In the years since the enactment of the Affordable Care Act, private equity investment in the health care industry has seen massive growth. It’s easy to see why health care may be an attractive sector for investment, as annual health care spending in the U.S. reached $3.8 trillion in 2021, accounting for $11,582 per U.S. citizen, or 17.7% of the national GDP. Annual private equity deal values have grown in recent years from an estimated $41.5 billion in 2010 to an estimated $119.9 billion in 2019.
Due to Corporate Practice of Medicine (CPOM) laws in each state, which essentially prohibit persons other than licensed professionals from owning, controlling, or deriving profits from a professional health care practice, private equity firms often use a management or administrative services organization, commonly referred to as an “MSO.” An MSO is paid a fee for providing non-professional services to a medical practice, but does not interfere or otherwise exert control over the professional aspects of the health care practice.
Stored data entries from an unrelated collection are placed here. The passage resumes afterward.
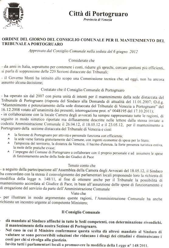 Pubblichiamo in appresso la delibera adottata dal Comune di Portogruaro in ordine al mantenimento della Sezione distaccata di Portogruaro del Tribunale di Venezia.
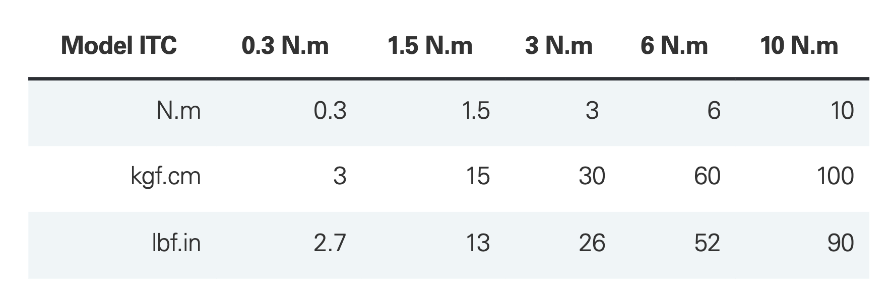 Sensors (ITC): 0.3 N.m to 10 N.m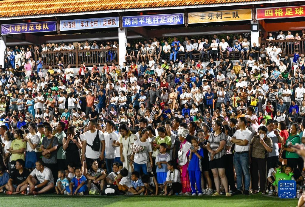 6月9日,人們?cè)谟^看鳳凰村隊(duì)與新中村隊(duì)的“村超”足球比賽。

Crucial to these MSO arrangements, and a frequent point of negotiation in M&A health care transactions, is the non-competition provision. As the MSO cannot perform the professional services, the private equity investor is reliant on the continued practice of the seller, i.e., the health care professional providing the professional services, following the closing. To protect their investment, private equity firms require some form of a non-competition provision setting forth the duration and geographic scope of the restriction, to prevent the seller from taking the money, quitting, and opening up a shop across the street.
While the non-competition provision remains essential from the perspective of the private equity purchaser, recent developments, both legal and societal, have made it increasingly challenging to craft non-competition provisions that are enforceable and fully protect the private equity purchaser’s investment.
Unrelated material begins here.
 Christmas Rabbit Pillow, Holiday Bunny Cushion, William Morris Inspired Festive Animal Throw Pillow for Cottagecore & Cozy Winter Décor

In particular, President Biden issued an executive order on July 9, 2021, directing the Federal Trade Commission (FTC) to “curtail the unfair use of non-compete clauses and other clauses or agreements that may unfairly limit worker mobility.” While it remains unclear the extent to which the FTC will act in accordance with the executive order, they are far from the only interested party. The Department of Justice, many state courts, and numerous state attorneys general are also placing an increased emphasis on both compliance with CPOM laws and examination of non-competition language. In addition, as private equity investment in health care and MSO arrangements becomes more common, the specter of legislation to regulate health care M&A and non-competition arrangements in the health care space looms larger.
The practice of medicine is also changing. Accelerated by the COVID-19 pandemic, the prevalence of telemedicine and telehealth have made it easier for health care practitioners to practice medicine from their homes – without having to move themselves and their families outside the geographic scope of a non-competition provision. Many state courts have long been suspicious of non-competes, particularly in health care, and a prohibition on telemedicine – effectively a nationwide restrictive covenant – runs the risk of a court finding it unenforceable.
While M&A activity in the health care space continues to grow, buyers and sellers will need to stay aware of the legal and societal developments impacting the enforceability of the non-compete arrangements that are part of nearly every deal.